100: function R = <A, lA> × <B, lB>
101:    R += lA
102:    A += lA
103:    B += lB
104:    lA = -lA
105:    lB = -lB
106:    lB--
107:    lB++
108:    if (lB==0) return ;
109:    Hp= 0
110:    C= 0
111:    iA= lA
112:    iA--
113:    goto first_next
114: first:
115:    H:L= A[iA]*B[lB]
116:    C:R[iA]= L + Hp + C
117:    Hp= H
118: first_next:
119:    iA++
120:    if (iA!=0) goto first
121:    R[0]= Hp+C
122:    R++
123:    goto outer_next
124: outer:
125:    Hp= 0
126:    C= 0
127:    iA= lA
128:    iA--
129:    goto inner_next
130: inner:
131:      H:L= A[iA] * B[lB]
132:      C:R[iA]= R[iA] + L + Hp + C
133:      Hp= H
134: inner_next:
135:      iA++
136:      if (iA!=0) goto inner
137:    R[0]= Hp+C
138:    R++
139: outer_next:
140:    lB++
141:    if (lB!=0) goto outer
Notice that (121)..(123) is identical to (137)..(139). We can simply jump there from (121).

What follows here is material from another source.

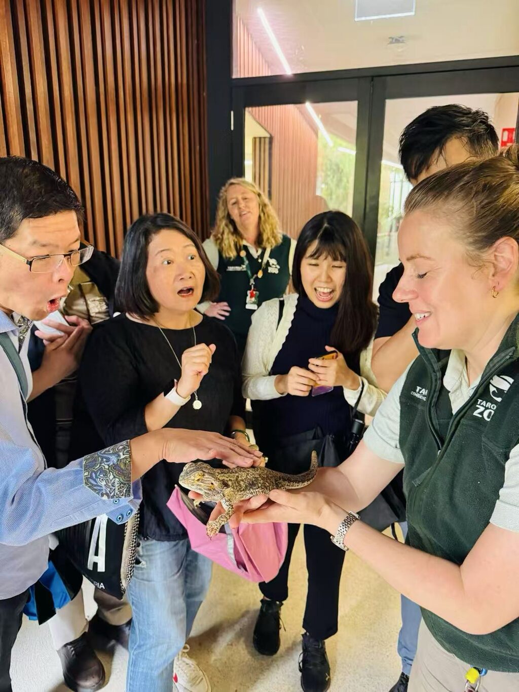 該園區為超過350物種、5,000餘隻動物提供開闊舒適、乾淨衛生的居住與展示環境,除澳洲本土物種外,亦與印尼、墨西哥等地動物園及台北市立動物園建立合作與交流關係,使入園民眾有認識其他國家特有物種的機會,寓教於樂。該園另設有旅館、餐廳、兒童遊樂設施等家庭休閒場域,獨具特色的科學教育中心除生物學研究外,亦致力與各級學校進行教育合作,包含雪梨大學的研究學位。吳正偉處長感謝園方的接待,肯定該園在生態保育、社區教育、維持物種多樣性等方面的卓越貢獻,並代表中華民國政府贊助小額經費表達台灣對維護澳洲生態的支持,拋磚引玉,鼓勵各界更多對澳洲動植物保育的關懷及協助。園方另派員陪同吳處長一行參觀該園區澳洲特有動物區、科學教育中心及相關設施,讓辦事處同仁吸收許多動保新知。吳正偉處長是繼2024年11月捐助新州北部無尾熊復育中心之後,第二度代表台灣政府捐款贊助澳洲生態保育工作。永續發展向為台灣所重視的核心價值之一,為追求台灣積極邁向永續發展,並回應聯合國2030年永續發展目標(Sustainable Development Goals, SDGs)的「保育陸域生態」核心目標,台灣政府及民眾願意為全球動物保育工作盡一份心力,也期待未來台澳能持續在保育及環保公益等議題上加強合作,共建友善環境。

100: function R = <A, lA> × <B, lB>
101:    R += lA
102:    A += lA
103:    B += lB
104:    lA = -lA
105:    lB = -lB
106:    lB--
107:    lB++
108:    if (lB==0) return ;
109:    Hp= 0
110:    C= 0
111:    iA= lA
112:    iA--
113:    goto first_next
114: first:
115:    H:L= A[iA]*B[lB]
116:    C:R[iA]= L + Hp + C
117:    Hp= H
118: first_next:
119:    iA++
120:    if (iA!=0) goto first
121:    goto outer_continue
122: outer:
123:    Hp= 0
124:    C= 0
125:    iA= lA
126:    iA--
127:    goto inner_next
128: inner:
129:      H:L= A[iA] * B[lB]
130:      C:R[iA]= R[iA] + L + Hp + C
131:      Hp= H
132: inner_next:
133:      iA++
134:      if (iA!=0) goto inner
135: outer_continue:
136:    R[0]= Hp+C
137:    R++
138: outer_next:
139:    lB++
140:    if (lB!=0) goto outer
I tested this, but it has no effect whatsoever. Here is the comparison graph:

I tested with even input size at 1 million digits. There's still no difference. I will keep this as my × operator because it might have an effect on hardware with less cache.